Agenda pra que?
Para que quero marcar os dias se esses são todos iguais? Para que quero saber do tempo se estou fora dele? Ela não resistiu e escreveu essa frase, na primeira página. Tinha acabado de voltar do povoado, visita que fazia esporadicamente, para trocar seus produtos por outros que não produzia. Levava bananas, abacates, ovos, geléias e compotas e comprava arroz e feijão, açúcar e sal, queijos e produtos de higiene pessoal e limpeza. E ia ao Correio. Pouco lhe escreviam, mas de vez em quando isso acontecia. Dessa vez havia um embrulho com papel pardo, bem amarrado, o seu nome escrito em letras bem feitas que ela não reconheceu. Ficou curiosa, mas resistiu e só foi abrir o embrulho quando chegou em casa. Qual não foi surpresa ao se deparar com uma agenda: agenda pra quê foi o primeiro pensamento que lhe veio. Depois assentou-se a mesa da cozinha e foi conhecer o objeto – a capa era coberta por um tecido vermelho, estampado com flores vermelhas e folhas verdes. Abriu a primeira página e ficou ali, olhando aquela página em branco e sem nenhum pensamento levantou-se, foi até ao quarto e voltou com uma caneta esferográfica. E escreveu as primeiras duas linhas – Para que quero marcar os dias se esses são todos iguais? Para que quero saber do tempo se estou fora dele? Assinou o seu nome e daí para a frente não parou mais. Na próxima visita a venda, no povoado, tinha acrescido a sua lista de compras uma caixa de canetas esferográficas.

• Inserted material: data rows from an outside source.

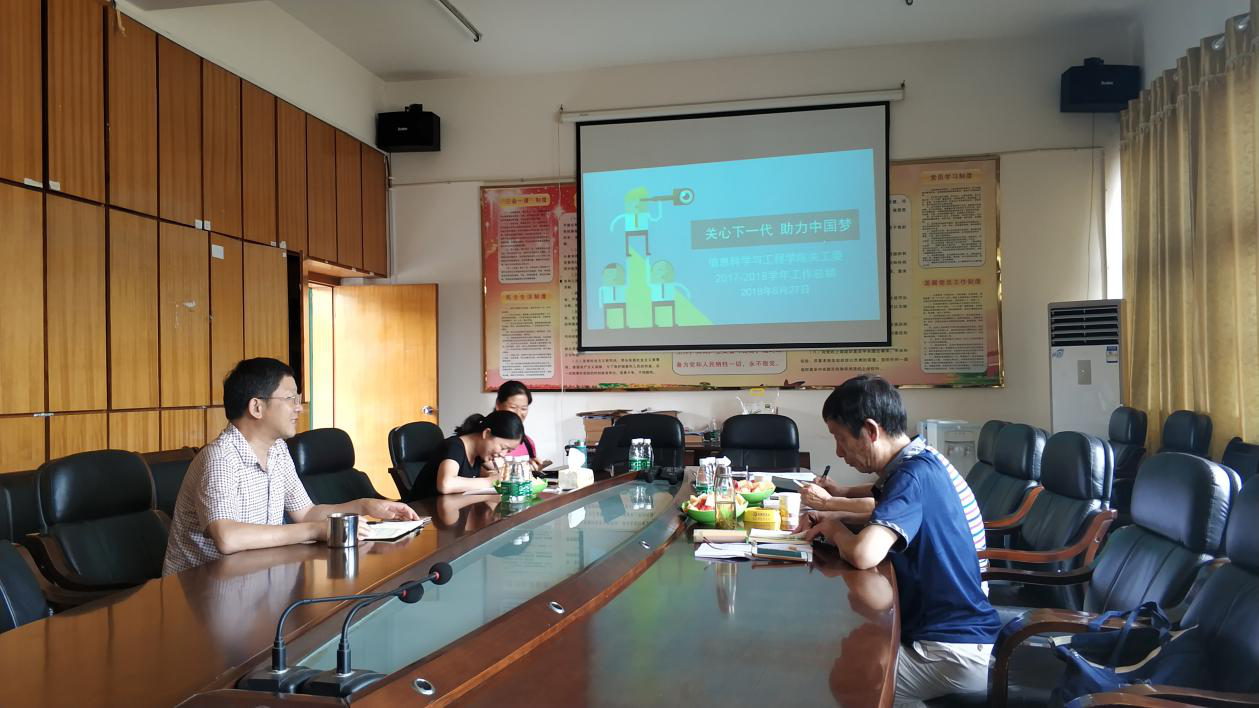 本网讯(记者李敏)2018年6月27日下午15:00,学校关工委刘湘生老师,何英豪老师来到公司会议室,对公司2017—2018学年关工委工作进行考核。院学工办主任、关工委秘书高静波对公司这一年关工委的工作进行了汇报,公司党委书记周小清、辅导员助理李敏等参加了此次会议。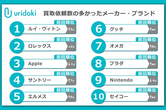 全体を通しての買取依頼数が多かったメーカー・ブランドは、バッグの買取依頼が多いことから、ルイ・ヴィトンが1位となった。次いで2位は高級時計のロレックス。3位のAppleはiPhoneやMacBookの買取依頼が多いことからランクインしました。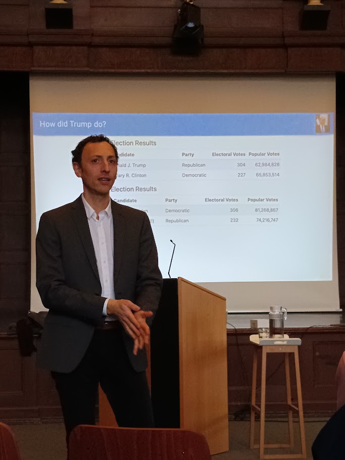 Ein Höhepunkt des Vortrags war Glucrofts Analyse der Ergebnisse der US-Wahlen 2024. Er beleuchtete verschiedene Perspektiven, warum Harris und die Demokraten nicht überzeugen konnten, während Trump erfolgreich war, und hinterfragte dabei Stereotype über bestimmte Wählergruppen. Das Publikum zeigte sich überrascht, dass Harris 11 Millionen Stimmen weniger als Biden bei der letzten Wahl erhielt. Ebenso beeindruckend war die Information, dass der Wahlkampf 2024 insgesamt fast 16 Milliarden Dollar gekostet hat. Mithilfe detaillierter Wahlergebnisse aus Missouri und Voting Prediction Tools veranschaulichte Glucroft außerdem die komplexen Faktoren, die das Wahlverhalten beeinflussen.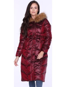 Perso Červený dámsky dlhý zimný prešívaný kabát BLH 818025 FF - Red
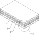 図1~図4に示すように、本考案のサポート性の高い空気掛け布団は、2つの生地層1と、中綿層2と、柔らかさの高い立体構造織物3と、を含み、柔らかさの高い立体構造織物3は、中綿層2の間に設けられ、中綿層2は、2つの生地層1の間に設けられる。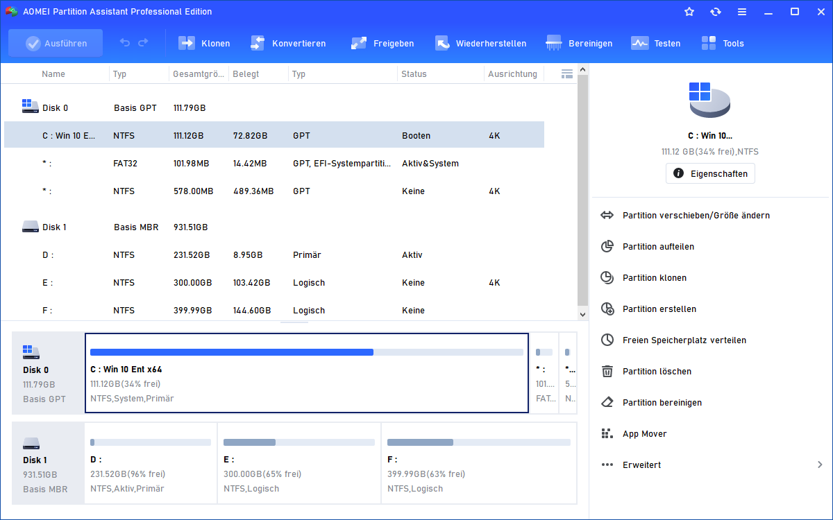 Schauen Sie sich die Hauptoberfläche von AOMEI an. Alle diese Vorgänge können einfach mit AOMEI Partition Assistant Pro durchgeführt werden. Neben Windows 7 werden auch Windows 10, 8.1/8, und Windows 11 unterstützt.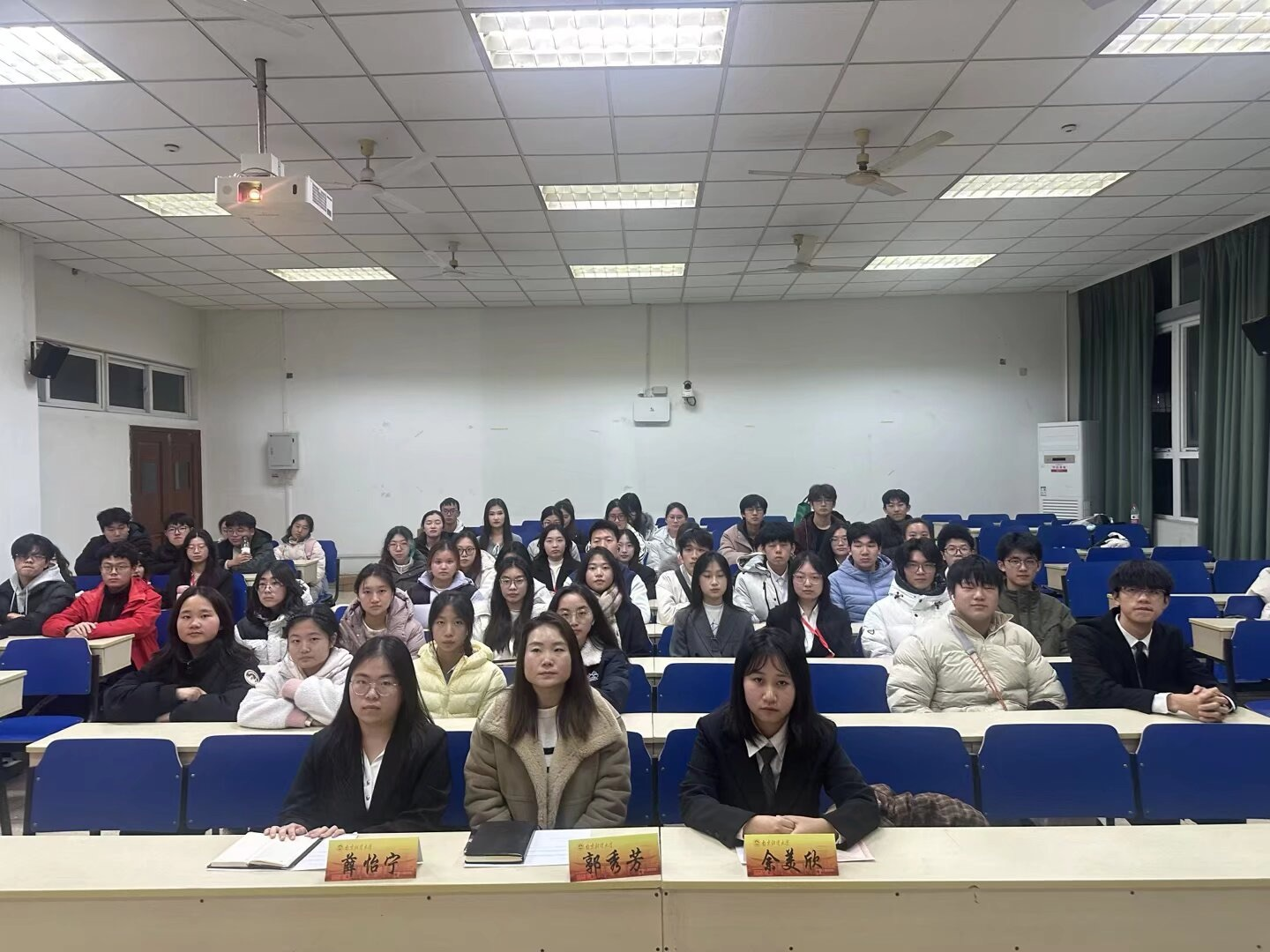会议伊始,主持人向到场的全体老师与同学们致以诚挚问候,并隆重介绍了莅临本次会议的嘉宾——院团委书记郭秀芳老师、分团委副书记余美欣、薛怡宁。在热烈的掌声中,大会各项议程有序推进。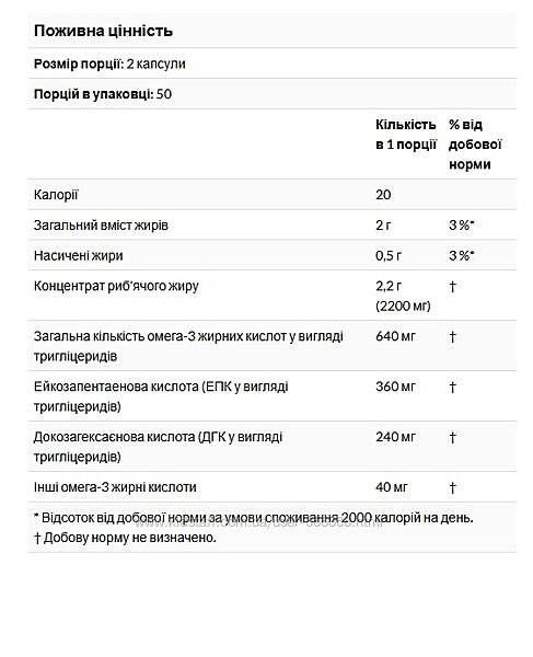 Омега-3 жирні кислоти — це один із різновидів корисних жирів, які містяться в багатьох рибних джерелах і які організм може використовувати для підтримки різних функцій. Риб’ячий жир преміальної якості з омега-3 від California Gold Nutrition містить кілька омега-3 жирних кислот, зокрема ДГК та ЕПК, які можуть допомогти вам отримувати достатню кількість цих поживних речовин щодня, підтримуючи здоров’я багатьох систем організм.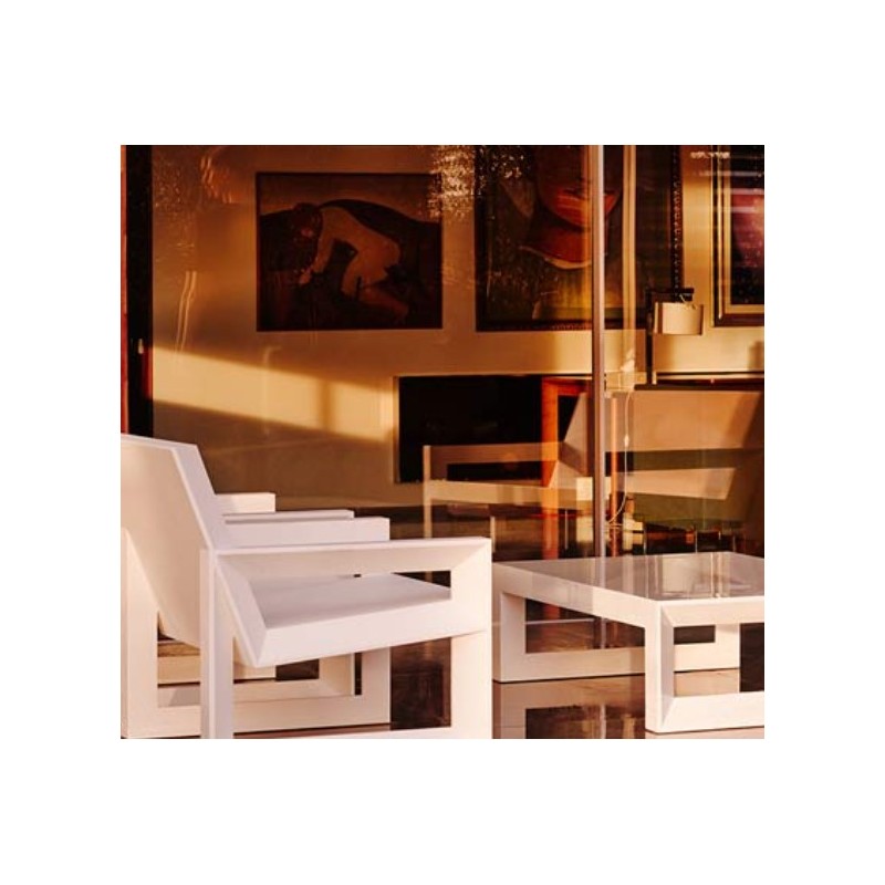 Salon de jardin Frame de Vondom  composé d'un canapé, d'un fauteuil et d'une table basse ultra contemporain avec des lignes géométriques épurée pour l'intérieur et l'extérieur.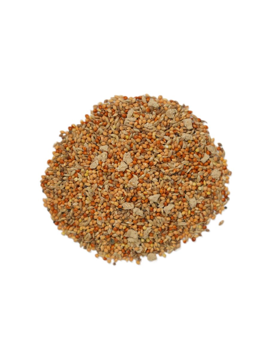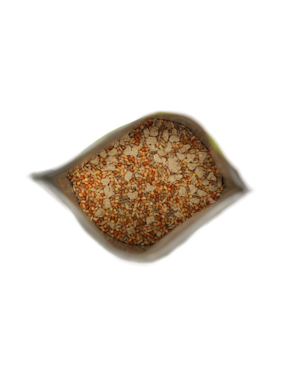 СОСТАВ: просо красное, просо желтое, семя канареечное, семена пайзы, витаминное печенье, юкка шидигера, рапс, семена чиа, комплекс пробиотиков, натуральный адсорбент – дрожжи (S.cerevisae). Питательная ценность на 100г : белки 11,38%, жиры 8,01%, углеводы 59,30%, клетчатка 5,93%, зола 3,67%, полиненасыщенные жирные кислоты (включая Омега 3-6-9) 1,98%, влага 4,50% кальций 98,74 мг, фосфор 344,37 мг, калий 387,48 мг, медь 0,98 мг, марганец 3,01 мг, цинк 2,33 мг, Витамин В1 1,16 мг, Витамин В3 0,14 мг, Витамин В12 2,50 мкг Энергетическая ценность на 100г: 339,99 ккал.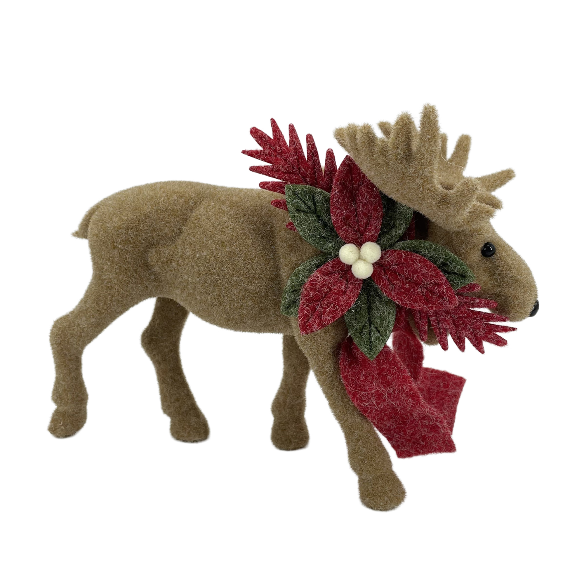 This charming reindeer brings the spirit of the season into any home with its warm, earthy color and festive decoration. Adorned with a rich, vibrant wreath of red poinsettias and soft green leaves, this piece evokes the nostalgia of winter afternoons spent gathering for family traditions. Crafted with exquisite attention to detail, it serves as a delightful reminder of the joy and warmth of the holidays.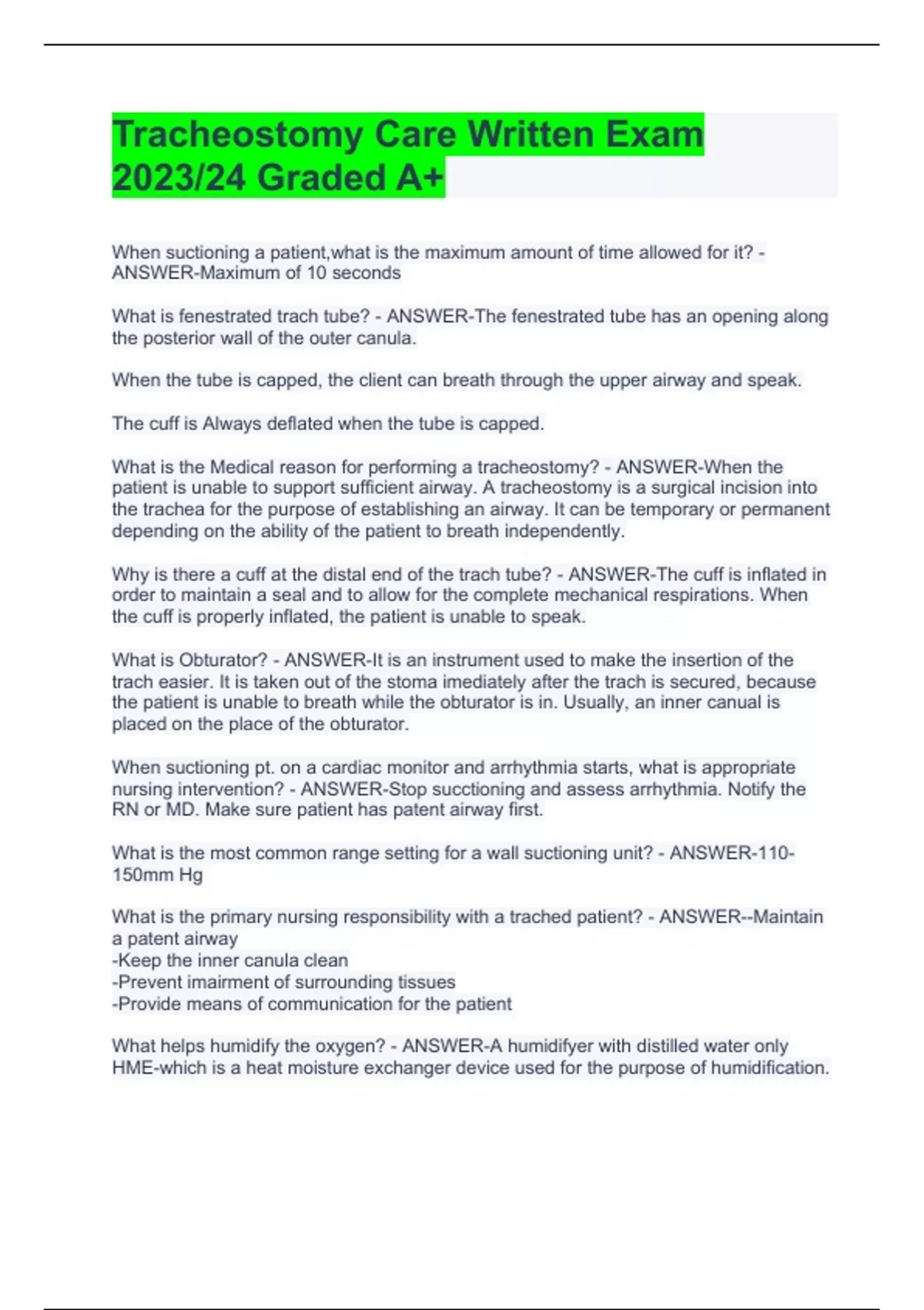 Tracheostomy Care Written Exam 2023/24 Graded A+
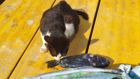 열심히 갈치를 뜯어먹고 있다가, 좀 있으니 선주가 던져준 우럭 한 마리 던져주면 맛있는 부위만 먹고 들어와 자는 식이다. 그러고 나서 하품하다 일어나 돔을 먹는 루틴이었다. 그런데 말랐다.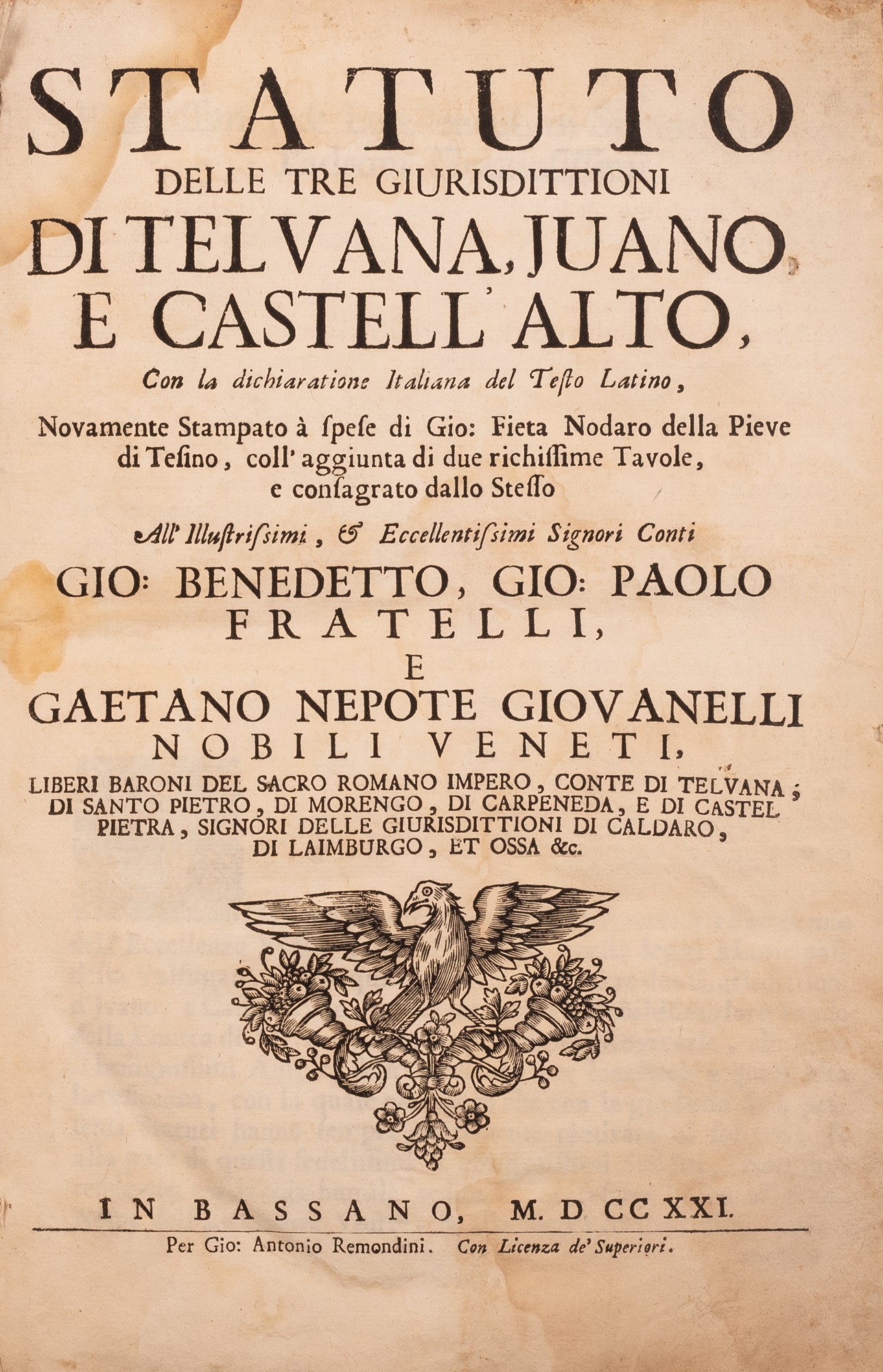 - STATUTO DELLE TRE GIURISDITTIONI DI TELVANA, JUANO, E CASTELL'ALTO, CON LA DICHIARATIONE ITALIANA DEL TESTO LATINO. NOVAMENTE STAMPATO A SPESE DI GIO. FIETA NODARO DELLA PIEVE DI TESINO, COLL'AGGIUNTA DI DUE RICHISSIME TAVOLE CONSAGRATO DALLO STESSO ALL'ILLUSTRISSIMI & ECCELLENTISSIMI CONTI GIO. BENEDETTO, GIO. PAOLO FRATELLI E GAETANO NEPOTE GIOVANELLI NOBILI VENETI(...) 1721 PER GIO. ANTONIO REMONDINI, IN BASSANO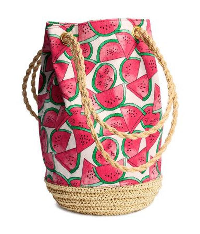Стильная комбинированная яркая сумка из текстиля и соломы с принтом арбузиков. Кому интересны какие то замеры пишите в личку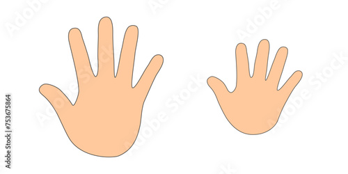 Obraz premium Human children's and adults hands imprint vector isolated set on white background. Human hands.

Não era uma agenda comum. Em cada página, além da data, havia sempre um escrito, um pensamento, um ensinamento. E ela ia lendo os escritos e conforme o que lia também escrevia. Não usava a agenda cronologicamente – abria-a diariamente e onde abria ela lia e escrevia. E assim foi contando a sua história conforme a frase lida lhe sugeria. Na terceira pessoa Como se ela mesma se observasse. Como se não fosse ela. Mas as vezes se esquecia e escrevia na primeira. Não gostava disso e então pensava: depois eu conserto, arranco essa página e escrevo outra vez. Mas nunca fez isso. E a sua história foi contada assim. Aos pulos, sem nenhuma ordem. Como era a sua vida: desordenada.
(Acabo de escrever o primeiro capítulo de meu romance:A mulher ensombrada . É incrível como aos poucos ele vai tomando forma, a partir dos temas sugeridos pelo EC. Esse tema de hoje foi um achado pois com ele achei o que poderá ser o primeiro capítulo, se eu resolver ordená-lo em capítulos)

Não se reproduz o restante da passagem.